In fact, a jury here spared the lives of two Osama bin Laden followers a month after Sept. 11, while the World Trade Center's ruins were still smoldering.
Now comes a case unlike any other: the trial of professed 9/11 mastermind Khalid Sheikh Mohammed, accused of murdering nearly 3,000 people in the nation's deadliest terrorist attack.
"If there was any case where a New York jury would impose the death penalty, this is it," said James Cohen, a law professor at Fordham University.
Nevertheless, a jury might steer clear of the death penalty -- not out of any opposition to capital punishment, but out of fear of making a martyr out of Mohammed.
"We don't care about capital punishment," he said earlier this year at a Guantanamo Bay military hearing. "We are doing jihad for the cause of God."

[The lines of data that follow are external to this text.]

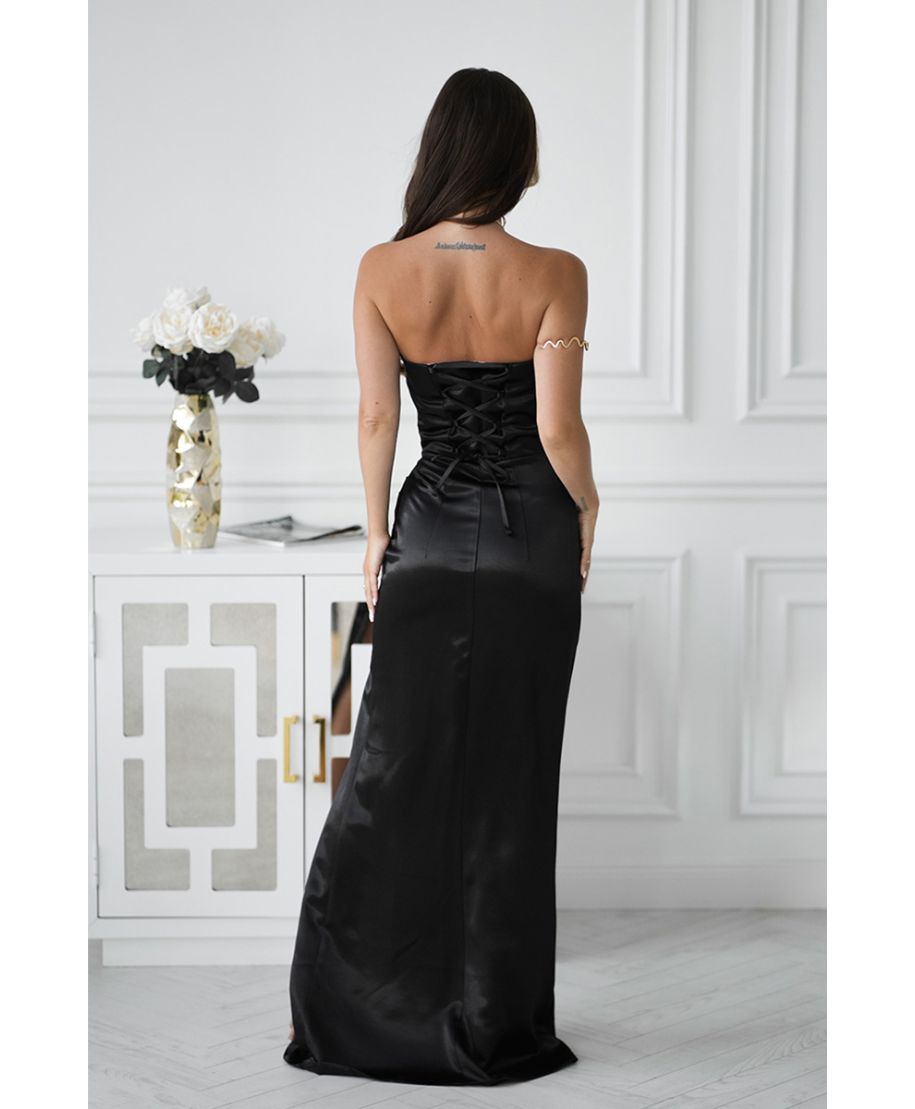 Abito lungo in satin lucido, colore nero elegante e intenso - Rose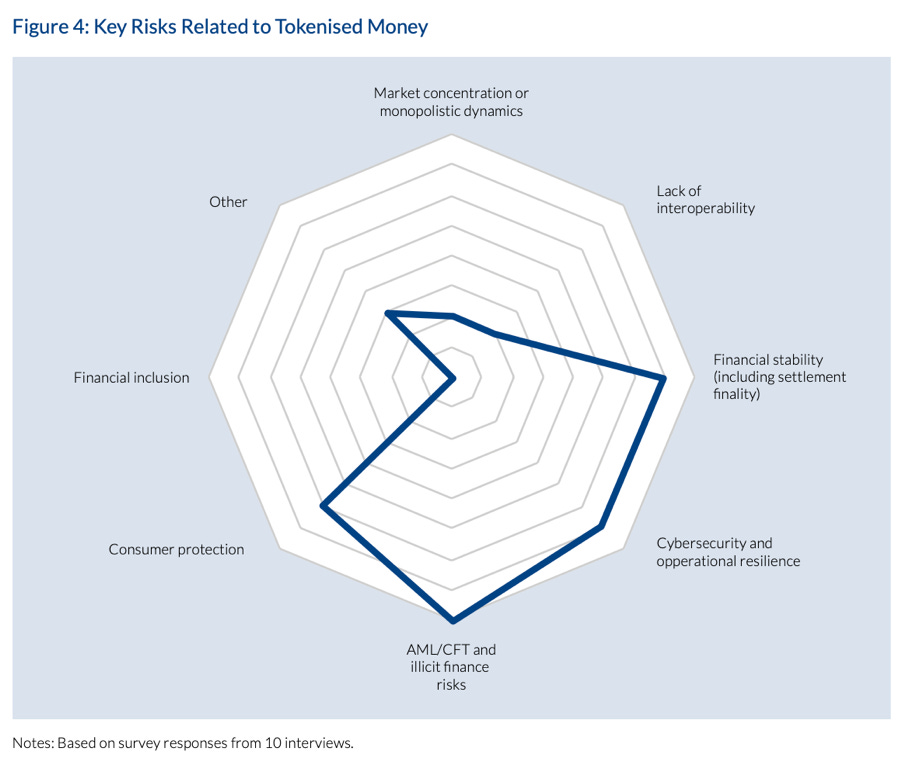 Regulatory frameworks are simultaneously shaping and constraining how tokenised money develops. Central banks and regulators assess instruments against four core criteria: whether they support the singleness of money and payment finality; whether they protect against illicit finance; whether they promote efficiency and financial inclusion; and whether they enable the safe and efficient operation of payment systems. Different instruments perform differently against these criteria, which is a key driver of divergence in how they are classified and regulated. When regulators interviewed for this study were asked to identify the risks they are monitoring most closely, three priorities stood out clearly.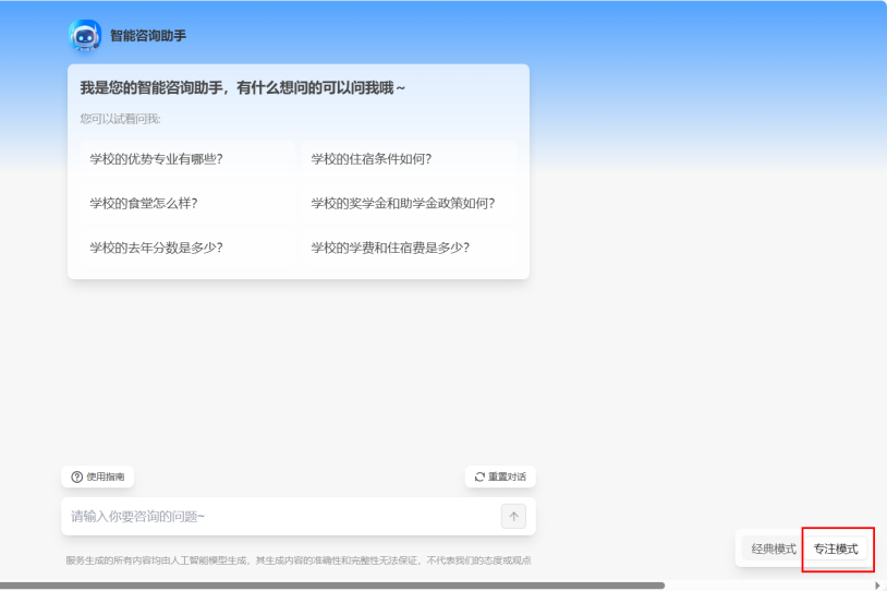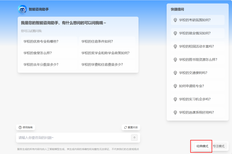 多模式咨询随心选:提供经典模式与专注模式,考生和家长可根据自身需求自由切换。经典模式内容丰富,信息全面;专注模式则更加简洁高效,直击问题核心。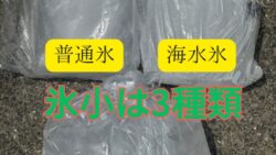 お知らせ バラ氷、ブロック(普通氷と海水氷)。氷小180円は3種あります。釣り魚は冷やして、美味しく食べましょう。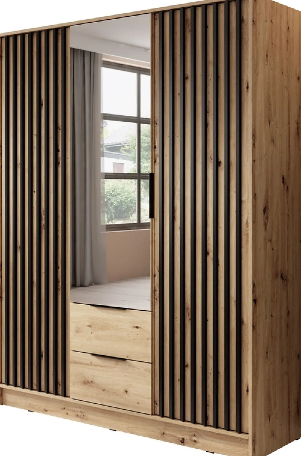 Nowoczesne lamele na drzwiach nadają szafie lekkości i wyjątkowego charakteru, a czarne metalowe uchwyty doskonale podkreślają jej stylowy wygląd. Zastosowanie odpornej na uszkodzenia okleiny ABS na obrzeżach sprawia, że mebel nie tylko pięknie się prezentuje, ale również doskonale radzi sobie z codziennym użytkowaniem.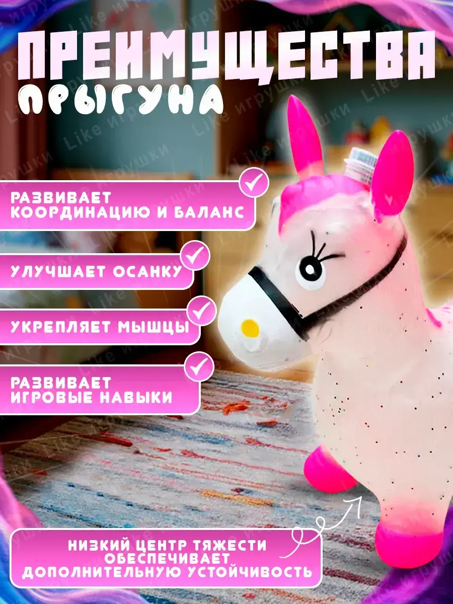 Эта детская игрушка прыгун отлично впишется в игры на улице или дома благодаря своему универсальному дизайну. Надувная лошадь станет не только другом для малыша, но и отличным тренажером для активного отдыха.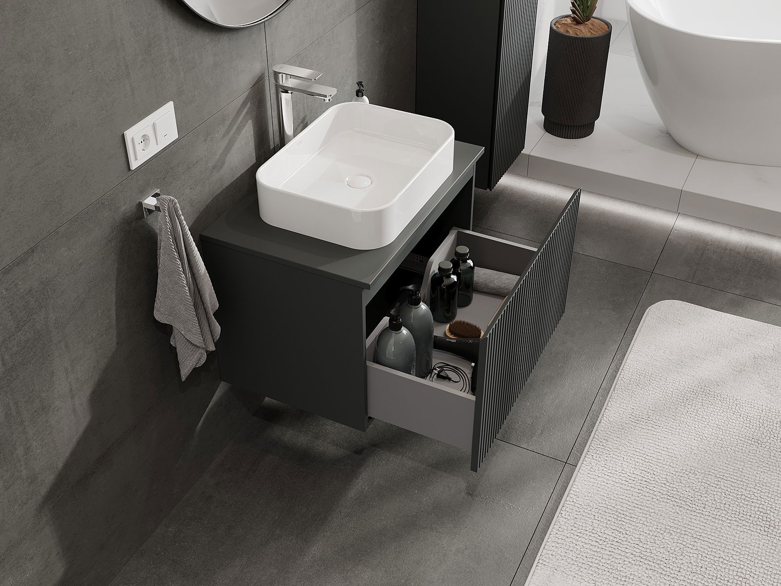 Η εγκοπή στο συρτάρι είναι σχεδιασμένη με τέτοιο τρόπο, ώστε να φιλοξενεί το σιφόνι, το οποίο είναι απαραίτητο στις εγκαταστάσεις νιπτήρων. Έτσι, το έπιπλο μπορεί να εγκατασταθεί πλήρως λειτουργικά, χωρίς την ανάγκη παραίτησης από χώρο στο συρτάρι υπέρ της εγκατάστασης.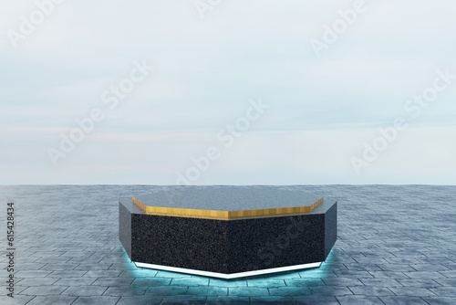 3d Render, Scifi Landscape Futuristic post apocalyptic scenario with abstract alien landscape. Glass object.

Ephraim Savitt, a veteran New York lawyer who works on death penalty cases, said that if he were Mohammed's attorney, he would try to save the man's life by telling the jury, "You'll make a shahid out of him. Don't allow him to get what he wants." Shahid means martyr.

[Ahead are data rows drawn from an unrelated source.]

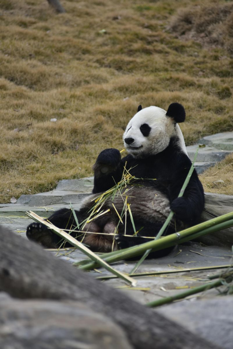 Gấu trúc ôm bó tre gặm nhấm dần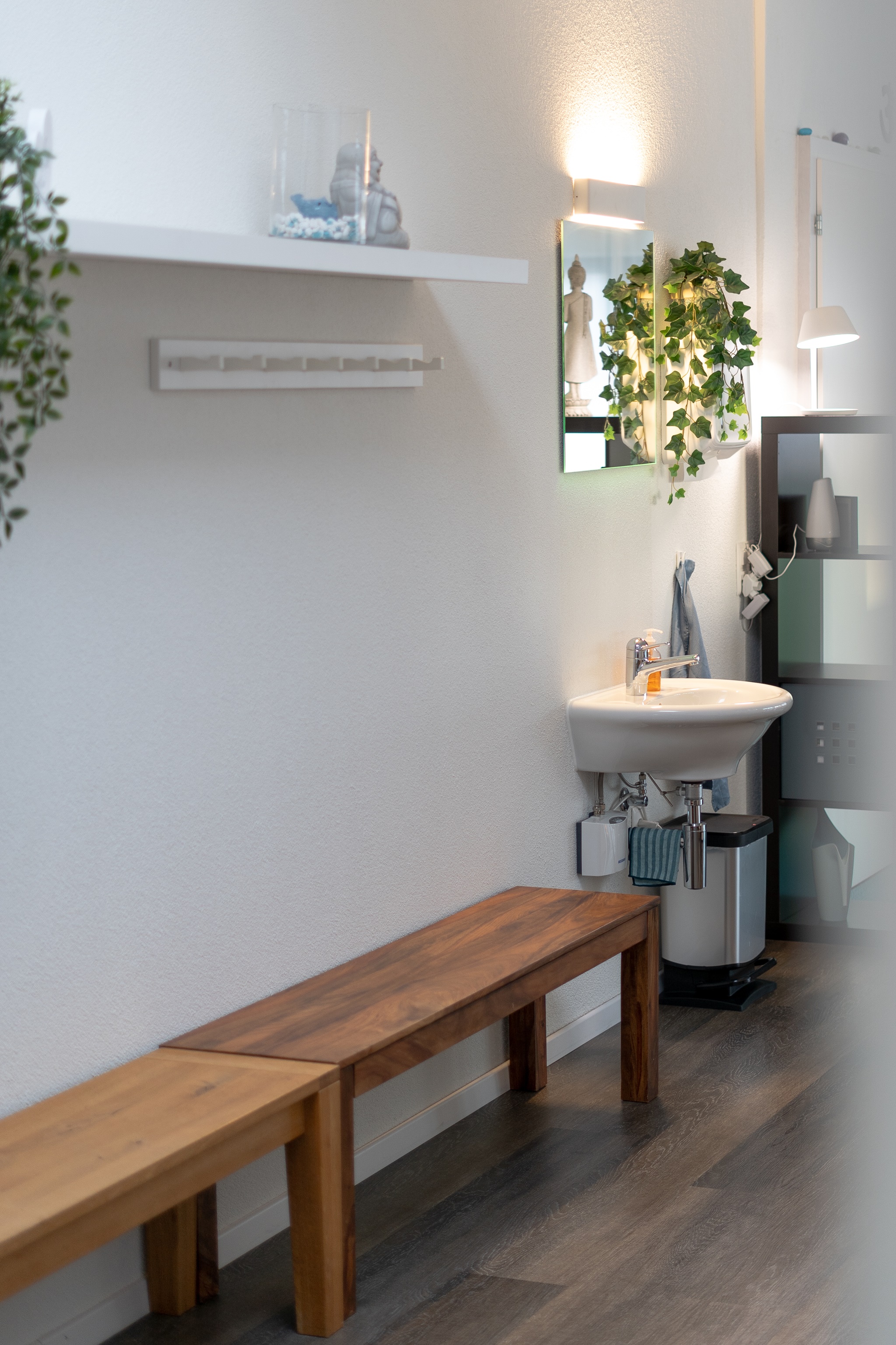 Garderobe, WC und Dusche vorhanden. Parkplätze vor dem Studio.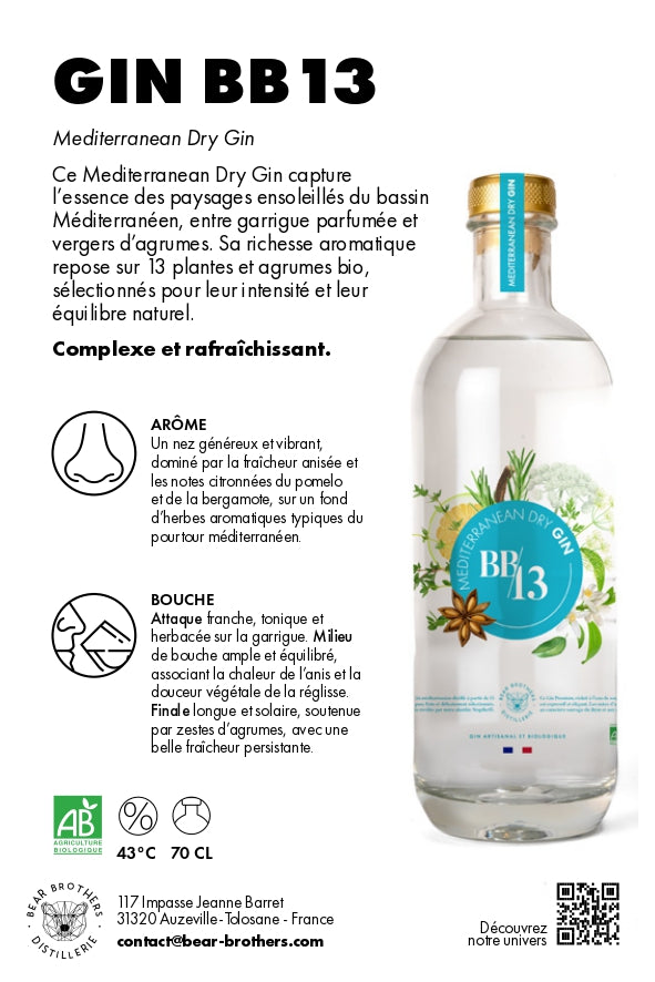 Ce Mediterranean Dry Gin puise son caractère dans 13 plantes et agrumes bio soigneusement sélectionnés. Entre garrigue parfumée et vergers d'agrumes, il marie les notes fraîches d’anis, de genièvre et d’absinthe aux accents méditerranéens du thym, romarin et sarriette, relevés par les zestes lumineux de citron, bergamote et pomelo corse. Un équilibre subtil entre intensité aromatique et fraîcheur solaire.

The Justice Department announced last week that Mohammed and four other alleged terrorists would be brought from Guantanamo Bay, Cuba, to New York to face a civilian federal trial in a courthouse blocks from the trade center site.

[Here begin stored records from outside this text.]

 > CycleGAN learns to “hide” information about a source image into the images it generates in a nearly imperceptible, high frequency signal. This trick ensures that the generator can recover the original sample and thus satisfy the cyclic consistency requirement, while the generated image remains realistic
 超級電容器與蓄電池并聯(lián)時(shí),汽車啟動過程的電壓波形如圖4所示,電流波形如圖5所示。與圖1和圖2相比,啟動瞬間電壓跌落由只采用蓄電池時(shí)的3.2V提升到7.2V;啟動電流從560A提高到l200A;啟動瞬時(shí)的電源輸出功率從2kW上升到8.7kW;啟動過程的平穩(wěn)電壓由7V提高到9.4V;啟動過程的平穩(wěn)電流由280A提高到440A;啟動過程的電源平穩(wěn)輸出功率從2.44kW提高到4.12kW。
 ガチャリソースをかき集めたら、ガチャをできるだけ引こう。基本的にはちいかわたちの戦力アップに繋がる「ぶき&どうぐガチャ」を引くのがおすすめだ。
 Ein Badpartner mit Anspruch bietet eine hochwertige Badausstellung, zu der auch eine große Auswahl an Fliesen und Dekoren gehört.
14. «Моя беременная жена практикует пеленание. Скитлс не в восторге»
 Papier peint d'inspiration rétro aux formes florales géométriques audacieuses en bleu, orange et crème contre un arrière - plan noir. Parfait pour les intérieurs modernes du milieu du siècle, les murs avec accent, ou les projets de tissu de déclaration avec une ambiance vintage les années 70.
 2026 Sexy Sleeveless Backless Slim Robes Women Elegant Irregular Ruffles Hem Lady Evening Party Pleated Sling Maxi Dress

Despite the city's reputation for liberal juries, death sentences here aren't unprecedented: In 2007, a federal jury in Brooklyn sentenced a man to death for killing two undercover detectives.
But the Brooklyn sentence was the first in New York since cases from the 1950s - including that of Julius and Ethel Rosenberg - when death was automatically imposed upon conviction. There have been no death sentences here since the 2007 case, not even in prosecutions involving ruthless drug kingpins and gruesome killings.
Since the federal death penalty was re-established in 1988, juries nationwide have imposed the ultimate penalty 68 times, compared with 132 life sentences, according to the Capital Defense Network, which supports defense lawyers in such cases.
If a jury convicts Mohammed and the others, it will be asked to decide their punishment in a separate proceeding. If they plead guilty, a jury will be picked just to decide on the penalty.
Experts say Mohammed's eagerness to take blame for the Sept. 11 attacks probably makes a conviction certain in the so-called guilt phase of the trial.
But his apparent determination to be a martyr could factor into a decision to spare him execution by lethal injection - a lesson from the embassy bombings case.
In the penalty phase of that trial, prosecutors used testimony of grief-stricken victims' relatives and survivors of the 1998 bombings of the U.S. embassies in Kenya and Tanzania that killed 224 people, including 12 Americans.
Jurors also saw gruesome scenes of a charred body lying outside a bombed-out embassy entrance and of corpses lining the floor of a morgue - all over the objections of the defense, which called the scenes irrelevant and prejudicial.
The defense argued that prosecutors cut deals with high-ranking terrorists and spared them harsh sentences even though they had greater roles in the plot. Attorneys also called the mother of one of the convicted bombers as a witness to beg for mercy.
"It will hurt," she said as he wept at the defense table. "He's my son."
In the end, it wasn't sympathy that saved him.
Instead, the jury deadlocked after 10 members concluded that executing him could make him a martyr for the terrorist cause. Nine said it would not relieve the victims' pain; four said lethal injection is humane and the victim would not suffer; five believed life in prison would be a greater punishment; and four noted that he was raised in a different culture.
Experts agree that selecting a jury in the Mohammed case will be a long and arduous task. Los Angeles-based jury consultant Philip Anthony said only people who can convince a judge they can set aside their emotions and opinions about Sept. 11 will qualify - not a typical sampling of New Yorkers.
"You're going to have an unusual group of jurors who may not be willing to impose the death penalty," Anthony said.